- PROBLEM: Can the lines below, from the one that holds "USO DEI FRANCOBOLLI" to the very end, be echoed exactly, with both ends included and no pictures?

- DATA EXTRACT:

——

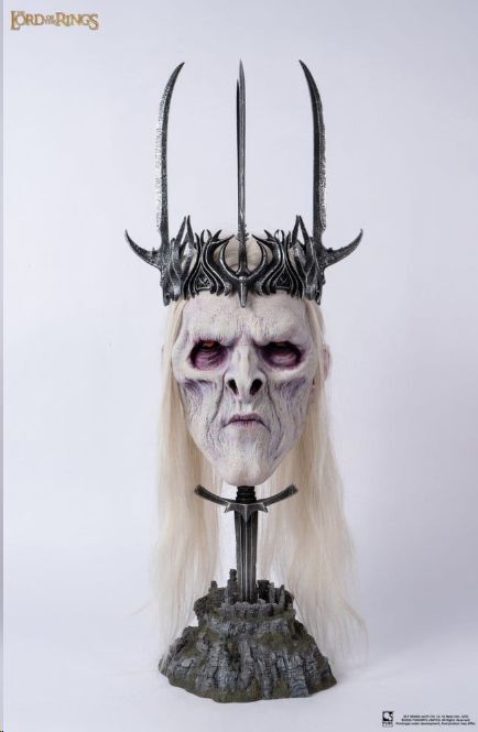 Impresiona con una pieza única del universo de El Señor de los Anillos gracias a esta réplica a escala 1:1 del Rey Brujo de Angmar. Con una altura aproximada de 73 cm, esta máscara artística captura con gran realismo la presencia aterradora de uno de los personajes más icónicos de la saga, convirtiéndose en un elemento central para cualquier colección.
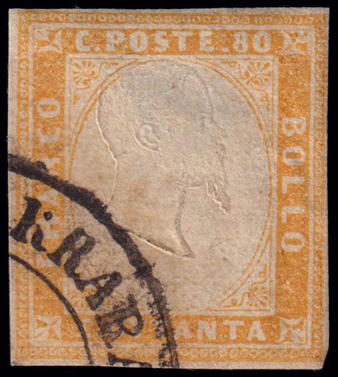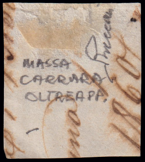 USO DEI FRANCOBOLLI SARDI. Francobollo da 80 centesimi dell'emissione sarda annullato col timbro granducale di Massa Carrara, con tutti i margini bianchi. Firma di garanzia al retro Vaccari. (Image) (ImageA)
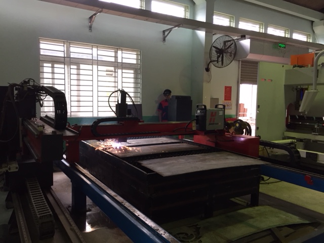 Dans l’atelier de chaudronnerie, le professeur Hô Si Khuong apprend à ses étudiants la technique de découpage d’une tôle. Le découpage du métal est l’une des 4 filières ayant bénéficié des assistances de l’AFD, les trois autres étant le soudage, l’électricité industrielle et de la maintenance automobile. Hô Si Khuong, qui est également le chef-adjoint du département de mécanique, apprécie énormément ces assistances, qui, depuis un an qu’elles sont dispensées, font considérablement avancer le travail.
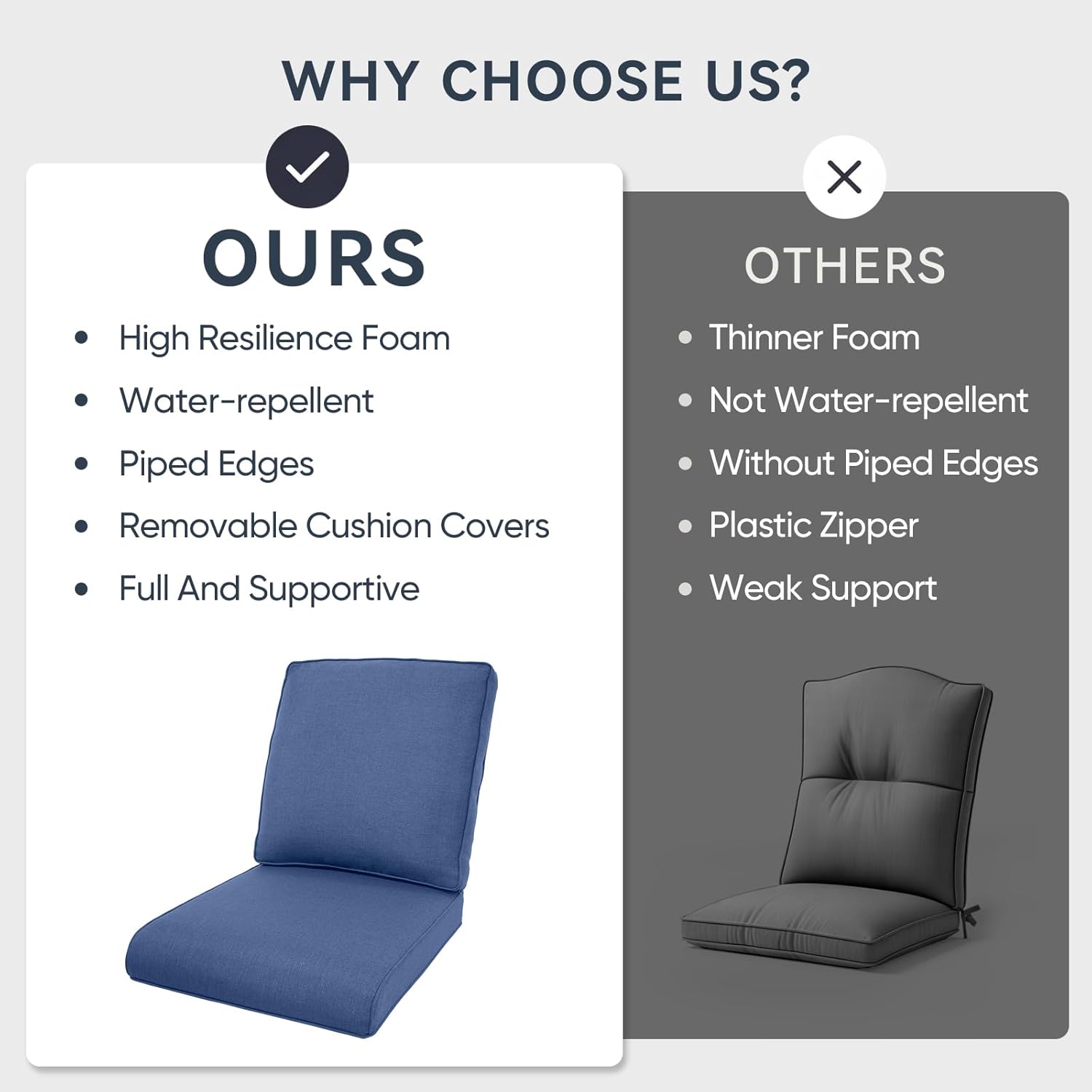 - Perfect Fit & Generous Dimensions: Achieve a custom-fit look with our patio cushion set, including 1 seat cushion (22" W x 24" D x 4" T) and 1 back cushion (22" W x 22" H x 6" T). This deep seat cushion and tall back are designed for superior comfort and support on most outdoor furniture. Pro Tip: For the perfect fit, we recommend measuring your furniture's seating area before ordering to ensure ideal coverage and a seamless look

——

- SOLUTION:
 USO DEI FRANCOBOLLI SARDI. Francobollo da 80 centesimi dell'emissione sarda annullato col timbro granducale di Massa Carrara, con tutti i margini bianchi. Firma di garanzia al retro Vaccari. (Image) (ImageA)
 Dans l’atelier de chaudronnerie, le professeur Hô Si Khuong apprend à ses étudiants la technique de découpage d’une tôle. Le découpage du métal est l’une des 4 filières ayant bénéficié des assistances de l’AFD, les trois autres étant le soudage, l’électricité industrielle et de la maintenance automobile. Hô Si Khuong, qui est également le chef-adjoint du département de mécanique, apprécie énormément ces assistances, qui, depuis un an qu’elles sont dispensées, font considérablement avancer le travail.
 - Perfect Fit & Generous Dimensions: Achieve a custom-fit look with our patio cushion set, including 1 seat cushion (22" W x 24" D x 4" T) and 1 back cushion (22" W x 22" H x 6" T). This deep seat cushion and tall back are designed for superior comfort and support on most outdoor furniture. Pro Tip: For the perfect fit, we recommend measuring your furniture's seating area before ordering to ensure ideal coverage and a seamless look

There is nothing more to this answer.